CUDA.jl icon indicating copy to clipboard operation
CUDA.jl copied to clipboard

[Feature Request] Determinant Function

Open MasonProtter opened this issue 6 years ago • 10 comments

We currently don't have a way to take determinants of matrices on the GPU as far as I know. It'd be really nice if we could do that.

MasonProtter avatar Nov 14 '19 02:11 MasonProtter

Came up here again: https://discourse.julialang.org/t/determinant-of-cuda-matrix/77245/3

I mentioned

julia> M = rand(10,10);

julia> Mgpu = cu(M);

julia> det(M) # cpu
-0.10243723110926993

julia> prod(diag(LinearAlgebra.LAPACK.getrf!(M)[1])) # cpu
-0.10243723110926993

julia> prod(diag(CUSOLVER.getrf!(Mgpu)[1])) # gpu
-0.10243723f0

But I think the sign is uncertain here!

carstenbauer avatar Mar 01 '22 15:03 carstenbauer

Indeed, there is a sign issue. I get a negative determinant for a PSD matrix:

LinearAlgebra.det(m::CuMatrix) = prod(diag(CUSOLVER.getrf!(m)[1])) #Shameless type piracy
A = rand(10,10)
S = A*A'
S_d = cu(Σ)
det(S) == -det(S_d) #true

Since I only need it for PSD matrices, I can work it around by adding taking the abs. I can't help more though; I don't have a strong background in LA.

HenriDeh avatar Mar 01 '22 17:03 HenriDeh

But I think the sign is uncertain here!

You have to multiply by the sign of the permutation.
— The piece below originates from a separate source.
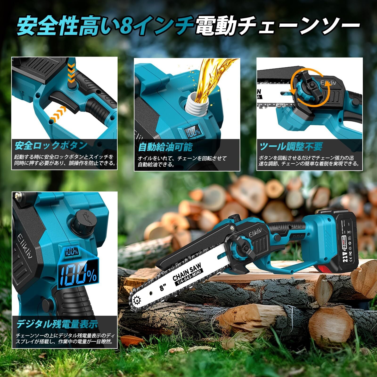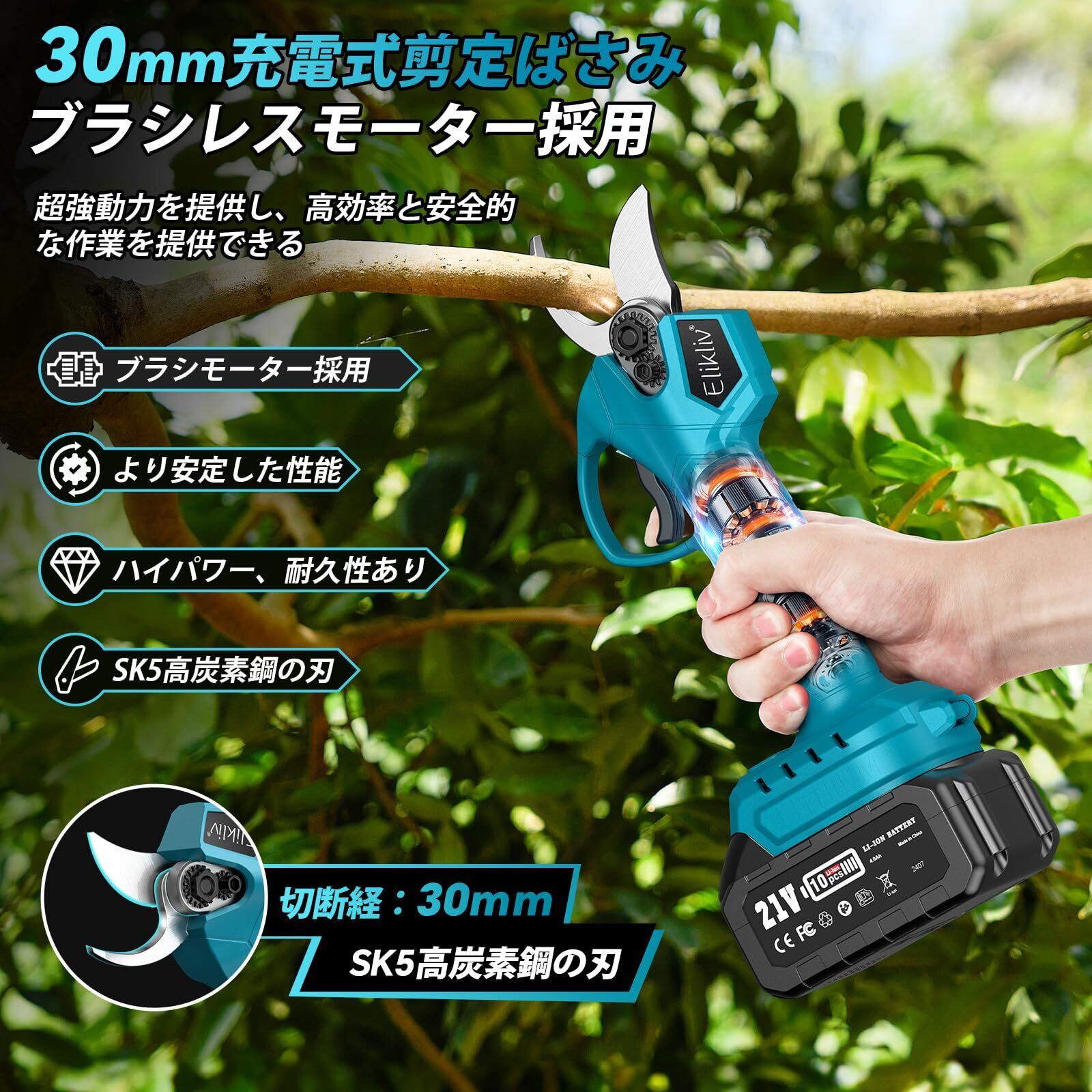 【安心のサポート体制】バッテリーの過放電を防ぐため、少なくとも月に1回は充電をお願いいたします。Elikliv製品はすべて出荷前に厳格な検査を行っておりますが、万が一初期不良や通常のご使用中に故障が発生した場合は、ご遠慮なく販売店までご連絡ください。お客様のご満足を最優先に、迅速かつ丁寧に対応いたします。▲▲▲【お問い合わせ方法】「アカウントサービス」→「注文履歴」→「注文番号」→「販売者」→「質問する」からご連絡いただけます。️【高枝チェーンソーご使用上の注意】❶ 機械を起動してから切断部分にセットしてください。❷ ご使用前にバッテリーを必ず満充電してください。❸ ご使用時は強く押し付けず、チェーンソーおよび高枝ポールの自重のみでご使用ください。過度な力を加えると停止する原因となります。

Something like:

function det!(A::CuMatOrAdj)
    A, ipiv = CUSOLVER.getrf!(A)
    return prod(diag(A)) * (isodd(count(((k,i),) -> k != i, enumerate(ipiv))) ? -1 : 1)
end
LinearAlgebra.det(A::CuMatOrAdj) = det!(copy(A))

PS. This is not "type piracy" because the CuMatOrAdj type is specific to this package.

stevengj avatar Mar 01 '22 17:03 stevengj

Note that you'll also want to provide logdet and logabsdet, which can be computed with much the same code (you just take the sum of the logs of the |diagonals| instead of the product, and keep track of the signs).

stevengj avatar Mar 01 '22 17:03 stevengj

Was going to suggest the same as Steven, i.e. multiplying by the sign of the permutation:

My draft implementation was

function det!(m::CuMatOrAdj)
   X_d, ipiv_d = CUSOLVER.getrf!(m)
   diags = Array(diag(X_d))
   ipiv = Array(ipiv_d)
   det = one(eltype(diags))
   @inbounds for i in 1:length(ipiv)
       det *= diags[i]
       if i != ipiv[i]
           det = -det
       end
   end
   return det
end
LinearAlgebra.det(A::CuMatOrAdj) = det!(copy(A))

I guess the only question is how to most efficiently implement this.

BTW, do we need a CUDA.@sync to be safe?

carstenbauer avatar Mar 01 '22 17:03 carstenbauer

PS. This is not "type piracy" because the CuMatOrAdj type is specific to this package.

I guess he meant that this is type piracy in his code (i.e. outside of CUDA.jl).

carstenbauer avatar Mar 01 '22 18:03 carstenbauer

PS. This is not "type piracy" because the CuMatOrAdj type is specific to this package.

I guess he meant that this is type piracy in his code (i.e. outside of CUDA.jl).

Yes, it's a copy-paste from my code, where it is piracy.

HenriDeh avatar Mar 01 '22 19:03 HenriDeh

All of the implementations proposed here are much slower than a CPU equivalent I fear. I made this benchmark where I compute the logdet without needing the LU decomposition (I assume it was done before):

using CUDA,LinearAlgebra,BenchmarkTools

L = LowerTriangular(rand(32,32)) 
L_d = L |> cu

#Given L or U, compute logdet of L*U
function mylogdetLorU(LorU::Union{LowerTriangular{<:Number, <:CuArray}, UpperTriangular{<:Number, <:CuArray}})
    return 2*mapreduce(log, +, diag(LorU), init = 0f0) #fastest I could find
end

@btime mylogdetLorU($L_d) #85.6 μs
@btime 2*logdet($L) #186.18 ns

I find identical performance with the above implementations of det! (from which I strip off the getrf! since in my case it's already done).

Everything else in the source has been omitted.